Head of International Centre for Political Violence and Terrorism Research at the Nanyang Technological University of Singapore Prof. Rohan Gunaratne is a renowned international terrorism expert. Addressing a gathering of the business community on Monday at the Ceylon Chamber of Commerce (CCC), Prof. Gunaratne called on the private sector to actively take part in reconciliation by recruiting former LTTE cadres and investing in the north and east without waiting on the Government.
Among the interesting points he raised was the need for fostering a Sri Lankan ethnic identity.

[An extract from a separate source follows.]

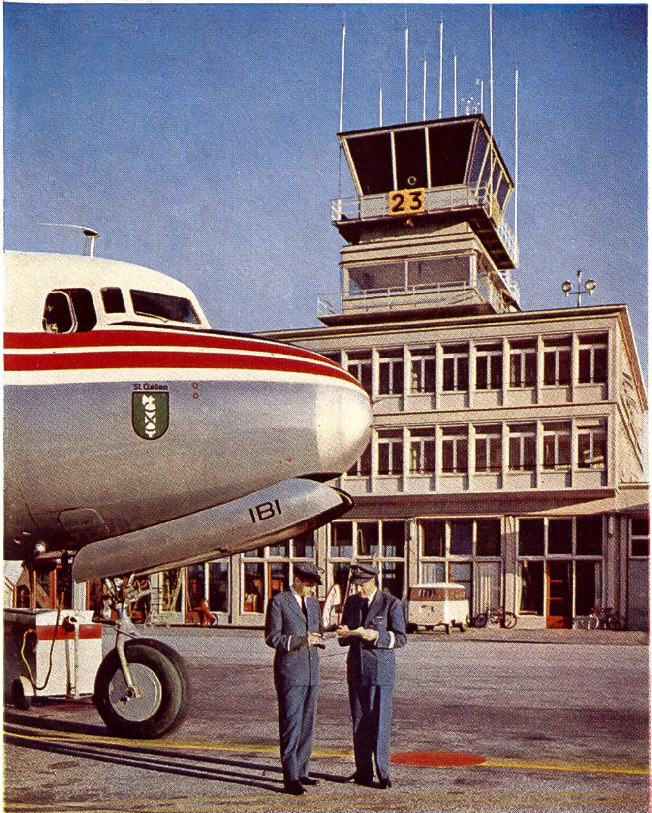
Ein DC-6 B der Swissair in Genf-Cointrin vor seinem Abflug. Diese Maschinen dienen dem Langstreckenverkehr. Der Flight Simulator ist eine genaue Nachbildung des DC-6 B (siehe Seite 229).

Recalling the many politicians who tagged themselves along ethnic lines to represent Tamil, Sinhala or Muslim nationalism since independence caused divisions, he insisted that the reconciliation process needed politicians to move beyond these boundaries.
Fostering understanding would be easier if there were Sinhala politicians who cared about Tamil and Muslim people while Tamil politicians cared about Muslim and Sinhala communities. Building understanding for common good rather than ethnic based nationalism was advocated by him and utopian as the idea may sound, it would move the different communities together.

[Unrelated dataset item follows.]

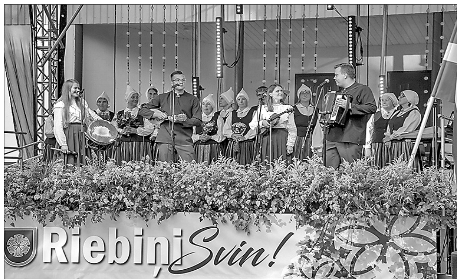
Вместе с жителями Риебиньского края праздник отмечали капелла «Аугусти» и участники фольклорных коллективов «Юмаленя» и «Видсмуйжа».

The second point that he emphasised on was the challenge to construct a moderate Tamil political mainstream that would give voice to a wider range of ideas and embody pluralism. In this way, he summarised, the Tamil people would have a channel to get their views across without limiting themselves to being represented by a few elements that may be seen as extremist.
Making a strong statement about the active external LTTE organisations that are still operational abroad, Prof. Gunaratne called on the Government to engage, especially with the international media so that the rehabilitation progress is relayed to the rest of the world. Establishing a competent media arm in the External Affairs Ministry that would respond, pre-empt and engage with the local and international media was strongly promoted by him.

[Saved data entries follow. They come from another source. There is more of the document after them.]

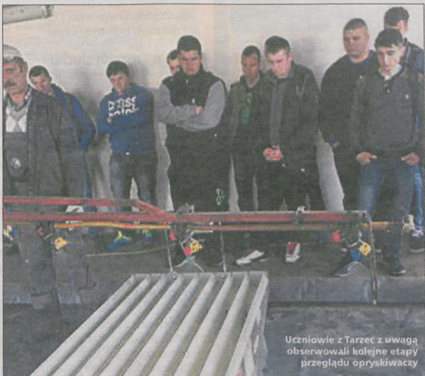
Uczniowie z Tarce z uwagą obserwowali kolejne etapy przeglądu opryskiwaczy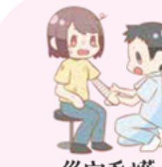
災害看護 国際ボランティア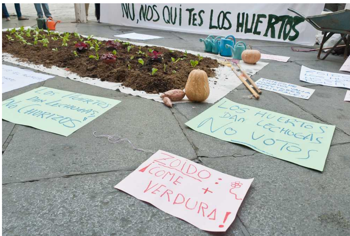
Figura 2. Lucha por el derecho a la ciudad.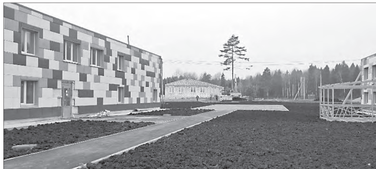
Теперь лагерь «Дружба» сможет принимать детей круглый год

В Вологодской области полным ходом идет подготовка к летней оздоровительной кампании. Один из ключевых объектов — детский лагерь «Дружба» на реке Комёле в Вологодском округе, где сейчас завершается реконструкция. Как только работы закончатся, этим летом здесь смогут отдохнуть порядка 1800 ребят.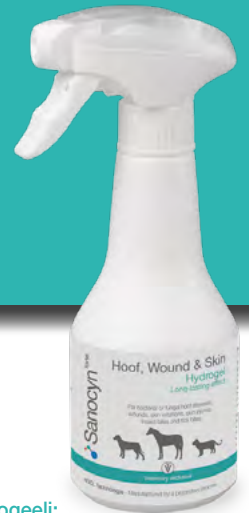
Hydrogeeli: Kaviot, haavat ja iho

Ingredients: Aqua, Sodium Chloride, LiMgNa-Silicate, Active Chlorine Released from Hypochlorous Acid 300-650 ppm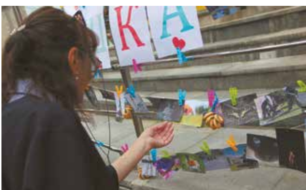
На «фотосушке» можно было обменять фотки

Дмитрий Дойников, фото МЦ «Максимум» и свободных источников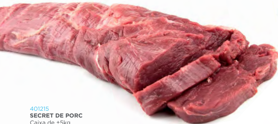
401215 SECRET DE PORC Caixa de ±5kg

Peça magra i infiltrada, amb una excel·lent relació qualitat-preu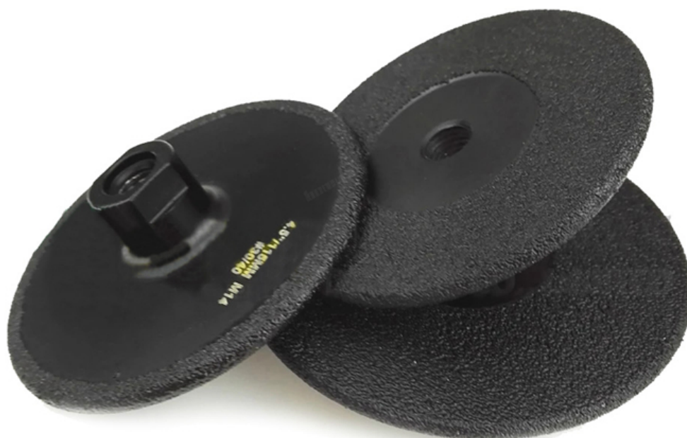
Vacuum Brazed Diamond Grinding Wheel

Boreway Machinery Co., Ltd. www.diamondtools.top www.boreway.com

Critical South Indian politicians and international community members should likewise be able to maintain a dialogue with the Government in his opinion so that biased reports, such as those that helped formulate the controversial UN report, would be dealt with before they cause irreparable harm to Sri Lanka’s reputation.
Reconciliation can also be fuelled by the private sector, in his view. Speedy investment in the north and east along with employing conflict-affected people including former cadres would make significant inroads to healing the breaches created by conflict. Assisting social integration and acceptance of these people is crucial to establishing normalcy along with a good standard of life. Former cadres cannot be expected to only become farmers and fishermen. Therefore, companies can work with the Terrorism Investigation Department (TID) to provide employment to rehabilitated cadres.
Terming the Tamil Diaspora as the “greatest untapped resource of Sri Lanka,” Prof. Gunaratne called on the Government to encourage them to invest in the war-affected areas so that more economic opportunities can be created. Aiding the reconciliation process without waiting on the Government is the responsibility of every citizen. In this instance the private sector along with business chambers and civil society can lead by example.